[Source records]
· · ·

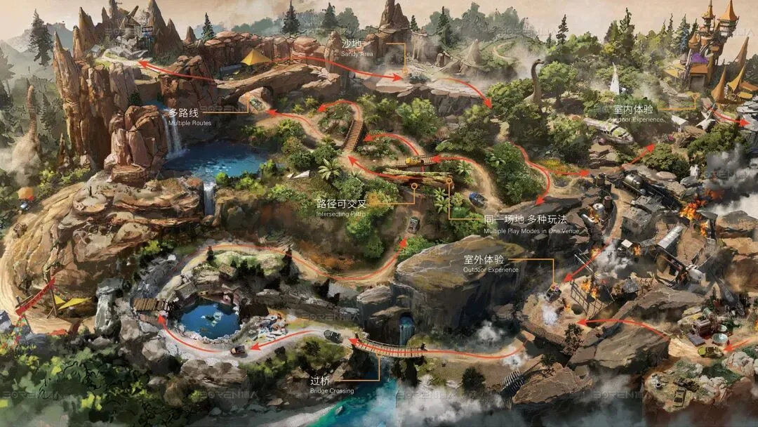 该项目可无缝衔接室内外空间,适配坑洼、沙地、台阶等复杂地形,搭配五感沉浸系统与多路线设计,玩法丰富且沉浸感拉满;
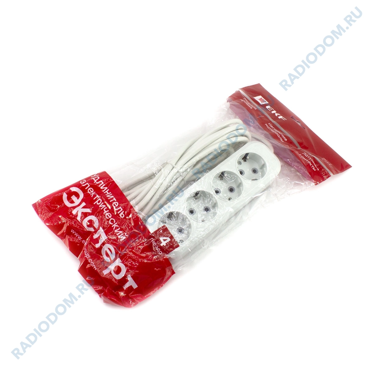 Бытовой удлинитель Эксперт на 4 розетки с заземлением. Длиной 5 метров используется кабель ПВС с сечением 3х1 мм. Удлинитель предназначен для подключения различных бытовых электрических приборов общей мощностью до 3,5 кВт.
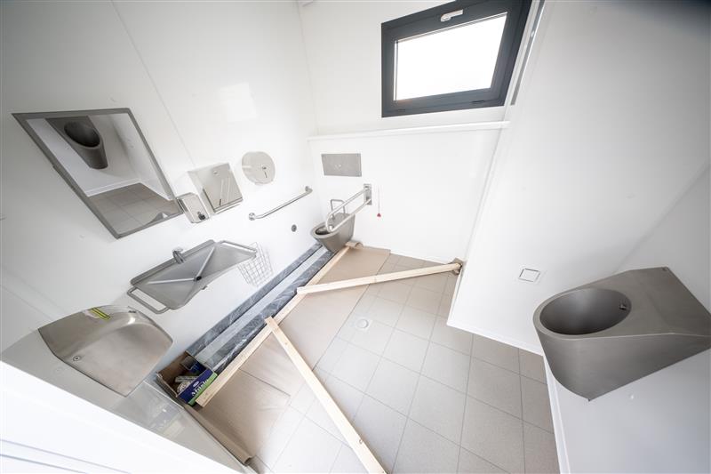 „Dosud se dělníci soustředili hlavně na přípravu terénu. Hotové jsou všechny inženýrské sítě i základová konstrukce. Většina zpevněných ploch už má finální dlažbu a téměř dokončené je i navazující stanoviště pro kontejnery na odpad. Teď přichází na řadu samotná stavba. Uvnitř kontejneru je třeba propojit technologie, tedy vodu, odpady, elektroinstalace i datové rozvody. Součástí bude totiž i systém pro platby kartou a mincemi. Část vybavení už výrobce dodal hotovou, včetně podlahového topení, dlažeb nebo sanitárního zařízení,“ vyjmenoval Radovan Daněk, mluvčí jihlavské radnice.
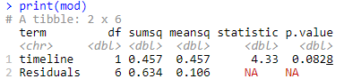 But how did I find this? Let’s get started with positive life event 2, where we’ll see some interesting results. I don’t want to find the ANOVA test statistic and p-value for each time period (one day, two days…) individually, so I’m going to write a for loop. First though, I’ll walk you through the guts of the for loop by running the code for just one day.
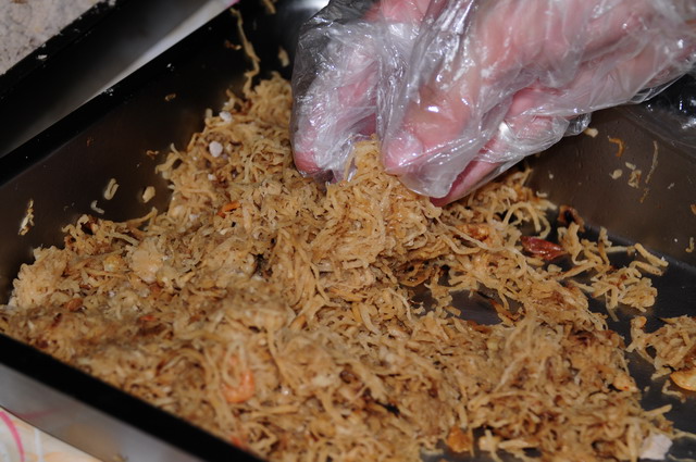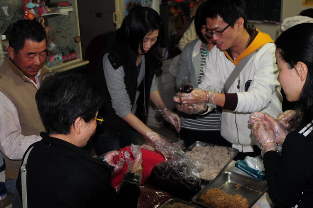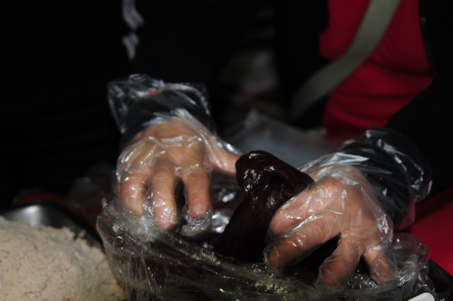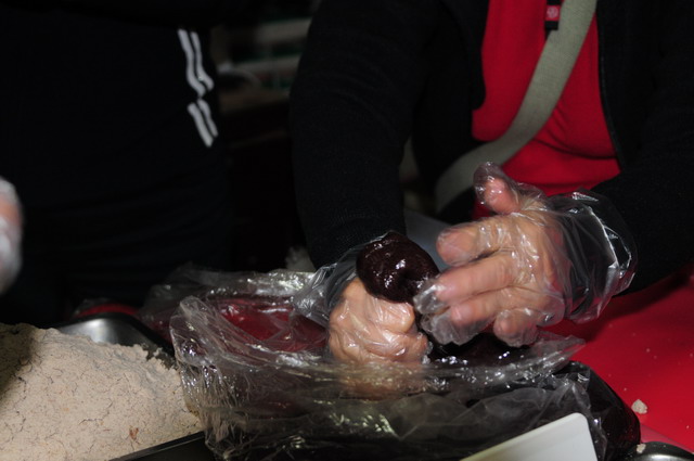 當發糕拿到後面廚房去蒸的同時大家來動手包粿。寶珠女士說:「我的粿全用傳統的做法。只是古早人做『紅龜粿』用的『紅朱膏』,我改用紅麴來代替。」她說她的紅麴會固定在一家中藥店採購,任何前來家門口推銷的她都不會動心。寶珠女士又說由他們自家生產出來的老農米所做出的粿最是Q口,她說:「我曾經試用其他的米來做,但都不滿意。」她還說,算好了要做多少粿才碾多少米,絕對新鮮。她指著桌上兩大坨的粿皮說:「紅色是紅麴、綠色是刺殼。所有的材料全部天然,不加色素不加任何人工添加物。」粿皮固然好吃,內餡也輕忽不得。為了掌握口味,內餡都得自己炒,不會去買現成的。今天擺在桌上二大盤的餡是:菜脯米及大紅豆泥。
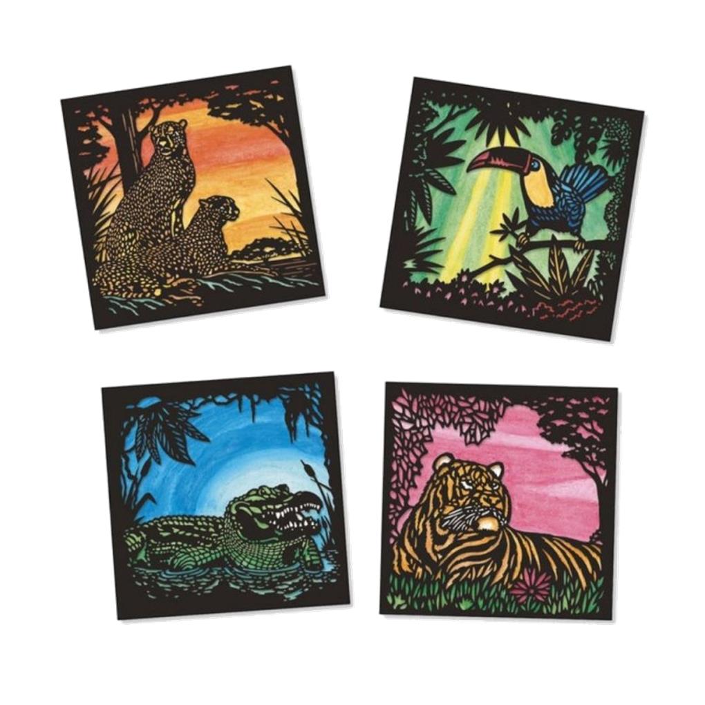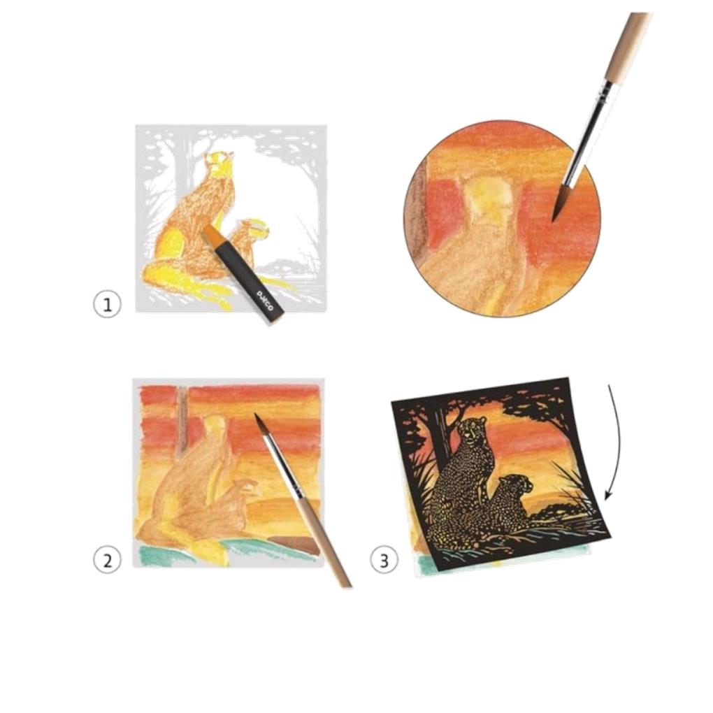 -Un taller de acuarelas sobre el tema de los animales salvajes especialmente desarrollado para que la actividad sea accesible a los más pequeños. Con facilidad, el niño aprende a hacer bonitos degradados con ceras para acuarela: aplican los colores en el interior de la tarjeta y luego los diluyen con su pincel mojado. Una vez terminada la actividad, cierra la tarjeta: los adornos de encaje de papel destacan frente al cielo como a contraluz.

· · ·

_Try it_. Please restate the lines above exactly, starting at the first line of the data and stopping at the line containing "Бытовой удлинитель Эксперт", which is included. Omit pictures.

_Your solution_.
 该项目可无缝衔接室内外空间,适配坑洼、沙地、台阶等复杂地形,搭配五感沉浸系统与多路线设计,玩法丰富且沉浸感拉满;
 Бытовой удлинитель Эксперт на 4 розетки с заземлением. Длиной 5 метров используется кабель ПВС с сечением 3х1 мм. Удлинитель предназначен для подключения различных бытовых электрических приборов общей мощностью до 3,5 кВт.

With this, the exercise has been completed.